Today, Nadia Matar, head of the right-wing activist group Women in Green, wrote a letter decrying the recent shift among the national-religious leadership to focus on kiruv, bringing secular Israelis closer to Jewish tradition:
"I would expect the national-religious public, and the Jewish people as a whole, with its rabbis and educators, to engage in the schools, the yeshivot, the ulpanot, the youth movements, the synagogues, and the community centers, not in bringing people back to religion - which is a type of convenient escape to activity that does not bother anyone - but rather in intensifying the topic of the importance of Eretz Israel, our right to it, and our duty to defend it. I therefore call, here and now, upon our public: put aside the matter of making people religious, especially when there is a public that is already engaged in this."

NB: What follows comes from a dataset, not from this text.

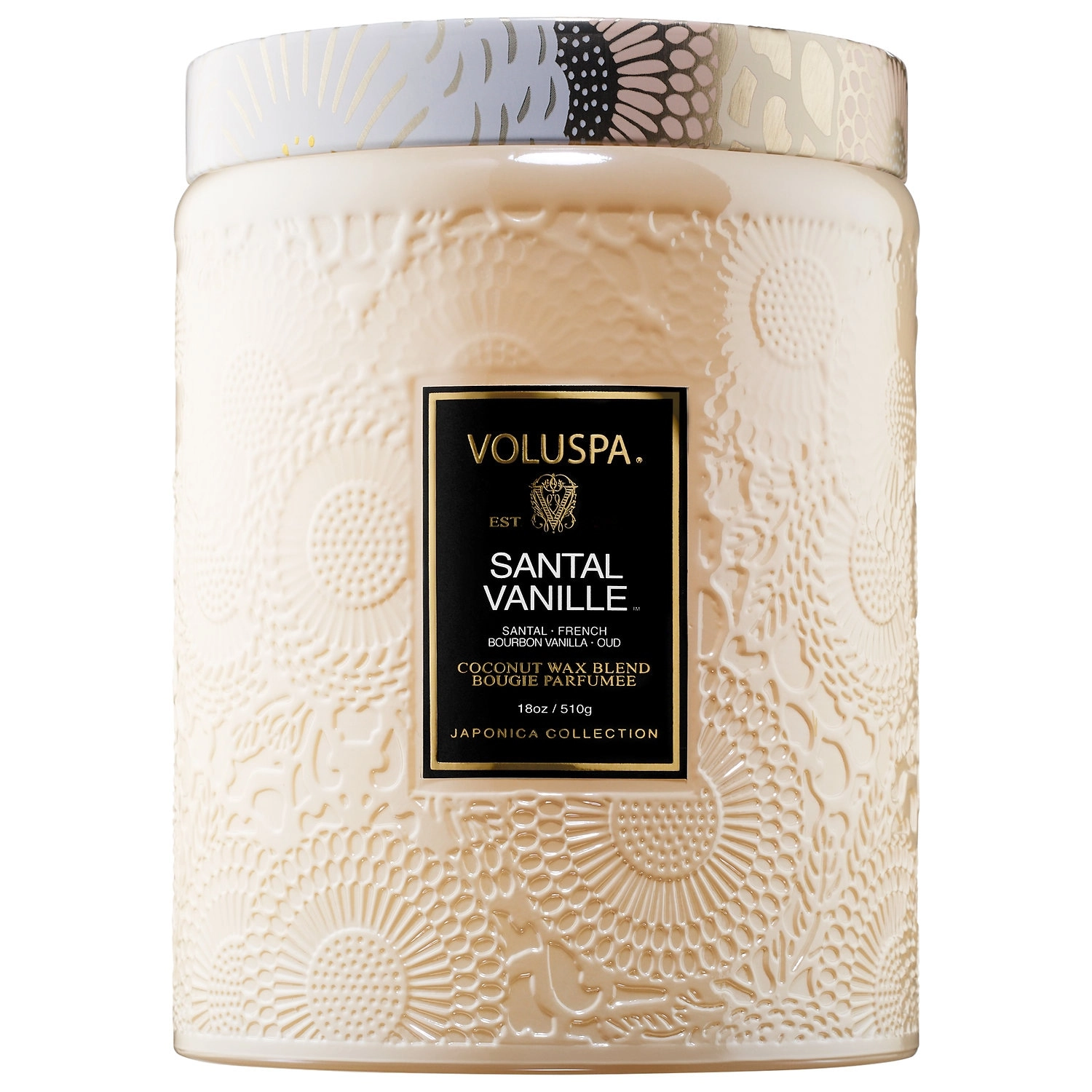 The VOLUSPA Santal Vanille Glass Jar Candle is made with a clean-burning coconut wax blend and features 100 percent natural wicks. It is crafted with the highest quality ingredients to ensure a luxurious and long-lasting fragrance experience.

You would think that the national-religious public promoting Judaism would be a no-brainer, but Ms. Matar seems to be seriously offended by the very idea. Her objections are two-fold: 1) it's not offensive enough; and 2) haredim already do it. It's a bold position: surrender kiruv to the haredim, as the national religious have already surrendered the Chief Rabbinate and the rabbinical courts, because it doesn't count unless you're blocking roads and screaming in people's faces.
After all, who can argue with failure? For the past two decades, the National Religious Party (Mafdal) has hemorrhaged members to extreme-right splinter parties, until the rump NRP was forced to join the National Union or fade away. We have stressed over and over to our youth that they are the only Zionists left and that they all need to settle in Judea and Samaria in order to build it for our posterity. We have built cloistered communities and looked down on the rest of the country. And somehow, with all of this, darn it if the rest of the nation doesn't view us as another species, those dangerous, unreasonable orange people!
But Ms. Matar has a solution: our ghetto walls aren't high enough. Seek out confrontation, and don't interact with the rest of the country in any other context. Show them what disengagement means! If only we were more consistent with our dogma and demagoguery, those pesky 110 other Knesset members would just accept that our ten are right. I mean, correct.
Of course, then we'd need to find a new adjective for us. If we're dumping "religious," we need to find something to hyphenate. We want to ignite social change, reforming Israeli society as a whole, so how about "socialist"? Yeah, national-socialist--that's got a nice ring, don't you think?